*WHAT YOU HAVE TO DO:*
In the records below, repeat exactly the lines between the line holding "This extra-large light-weight" and the line holding "Naklejki na ubrania;", inclusive, and drop the pictures.

*THE RECORDS:*
----------
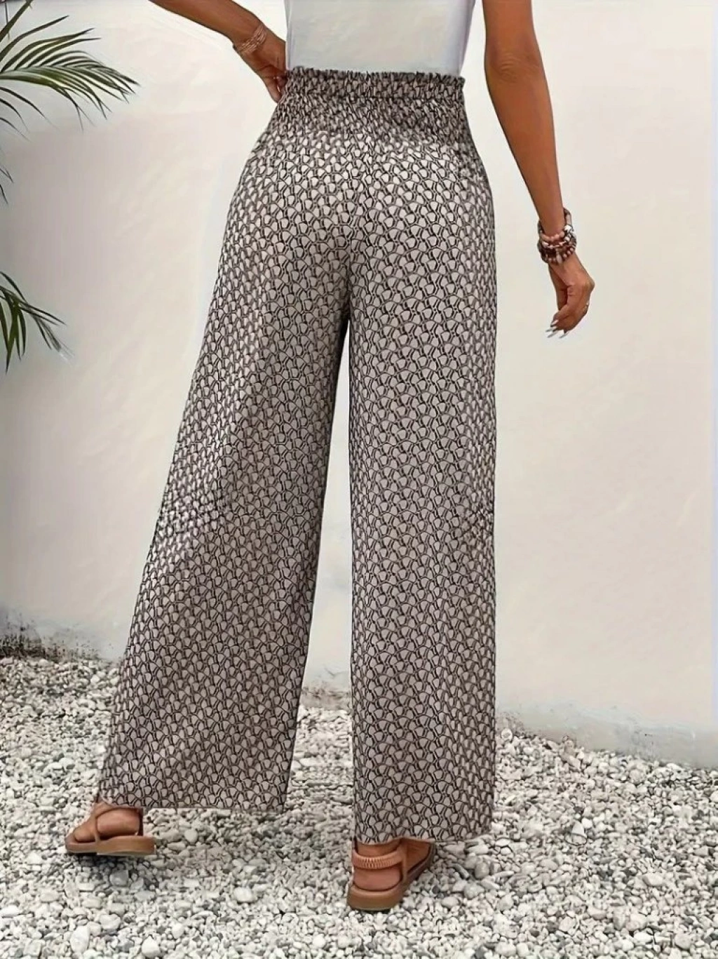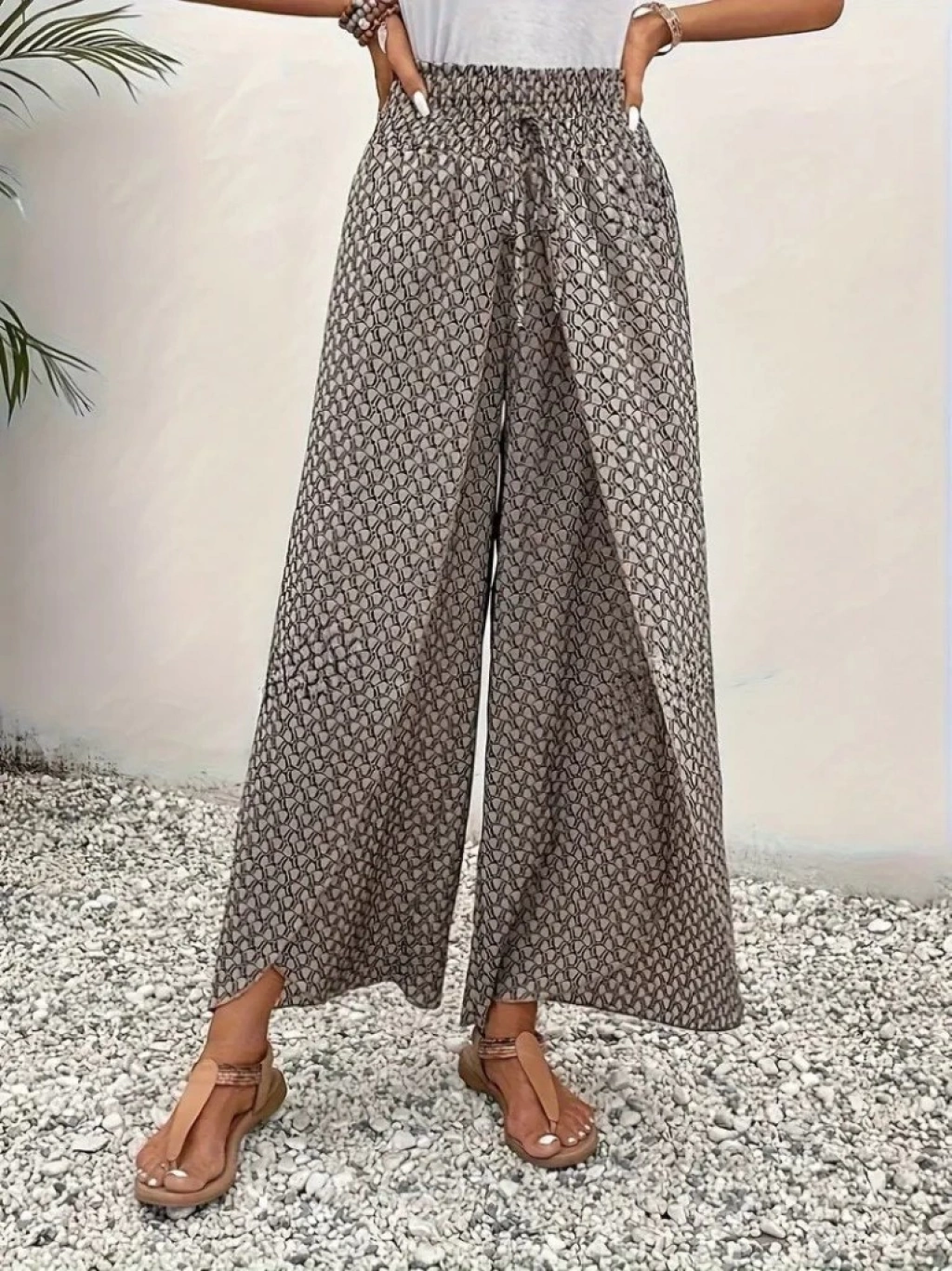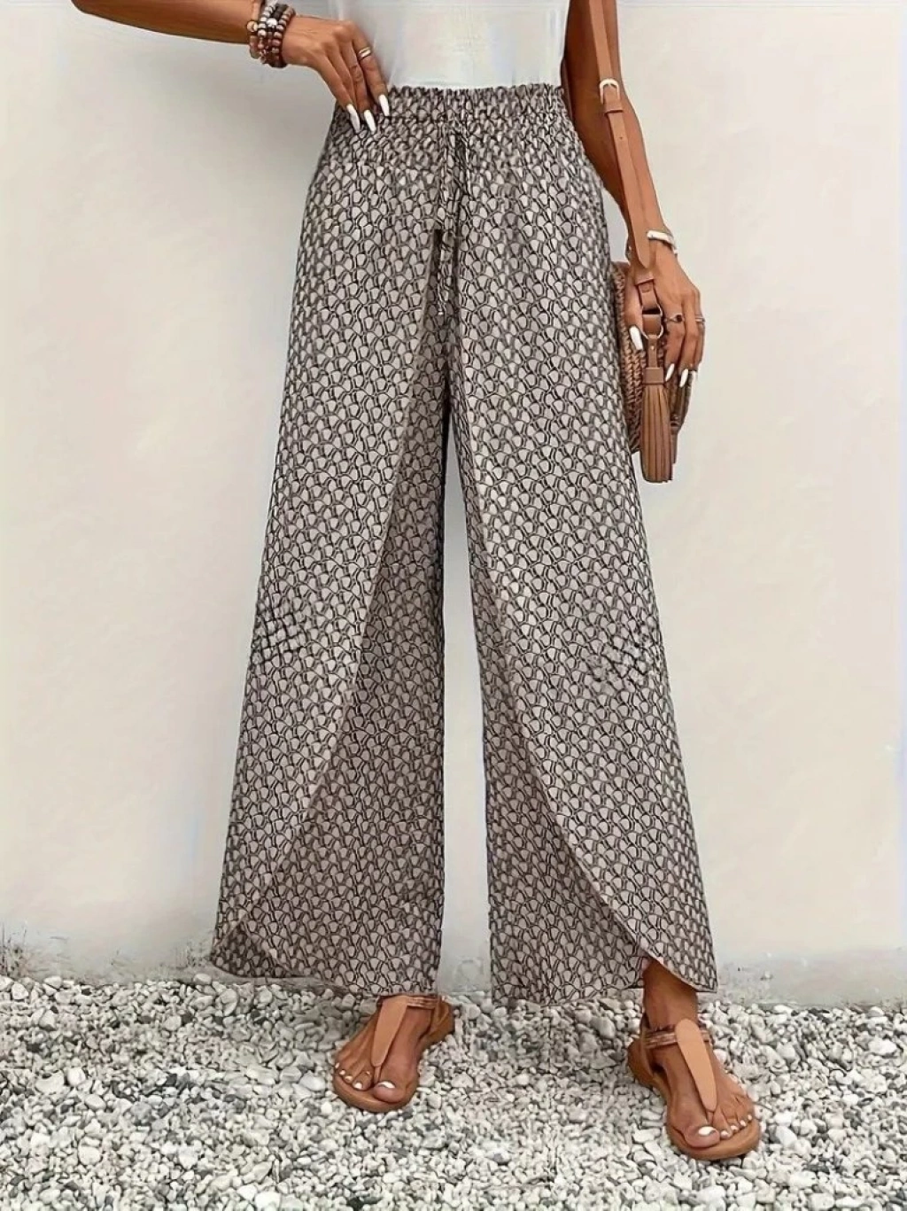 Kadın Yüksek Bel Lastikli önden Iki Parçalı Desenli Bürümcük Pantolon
----------
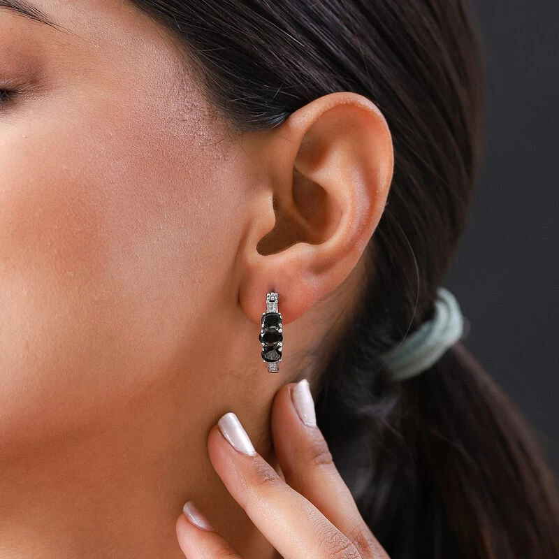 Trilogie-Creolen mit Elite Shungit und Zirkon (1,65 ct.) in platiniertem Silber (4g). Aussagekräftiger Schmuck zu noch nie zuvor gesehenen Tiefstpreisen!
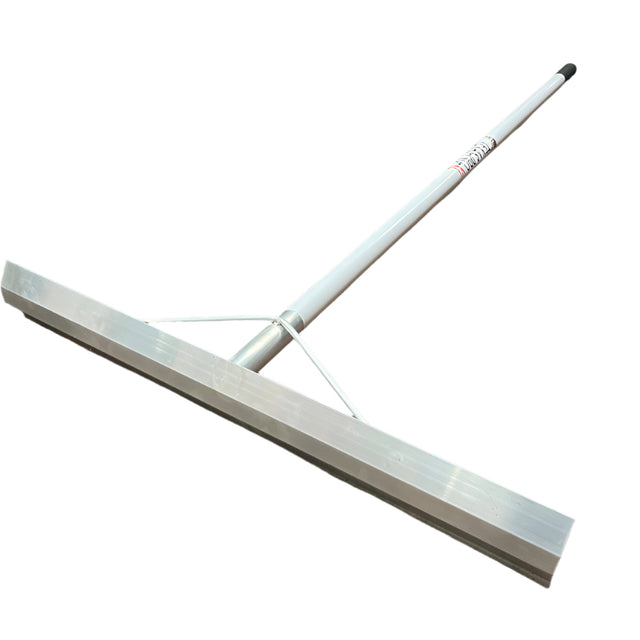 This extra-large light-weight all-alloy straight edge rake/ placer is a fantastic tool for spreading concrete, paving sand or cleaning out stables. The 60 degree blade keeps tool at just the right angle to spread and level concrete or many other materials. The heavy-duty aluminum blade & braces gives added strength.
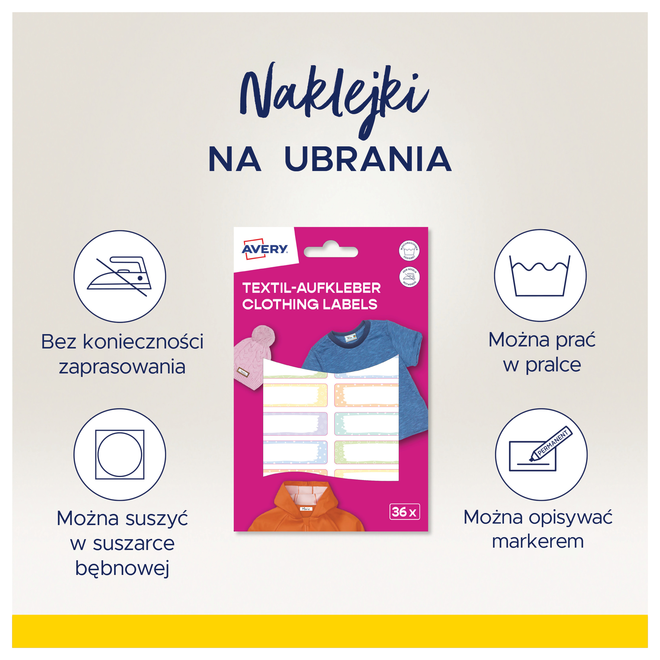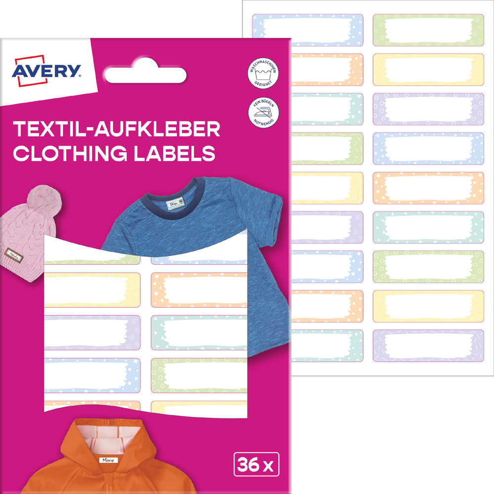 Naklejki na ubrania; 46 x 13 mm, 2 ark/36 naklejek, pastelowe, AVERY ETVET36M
----------
*ANSWER TO THE PROBLEM:*
 This extra-large light-weight all-alloy straight edge rake/ placer is a fantastic tool for spreading concrete, paving sand or cleaning out stables. The 60 degree blade keeps tool at just the right angle to spread and level concrete or many other materials. The heavy-duty aluminum blade & braces gives added strength.
 Naklejki na ubrania; 46 x 13 mm, 2 ark/36 naklejek, pastelowe, AVERY ETVET36M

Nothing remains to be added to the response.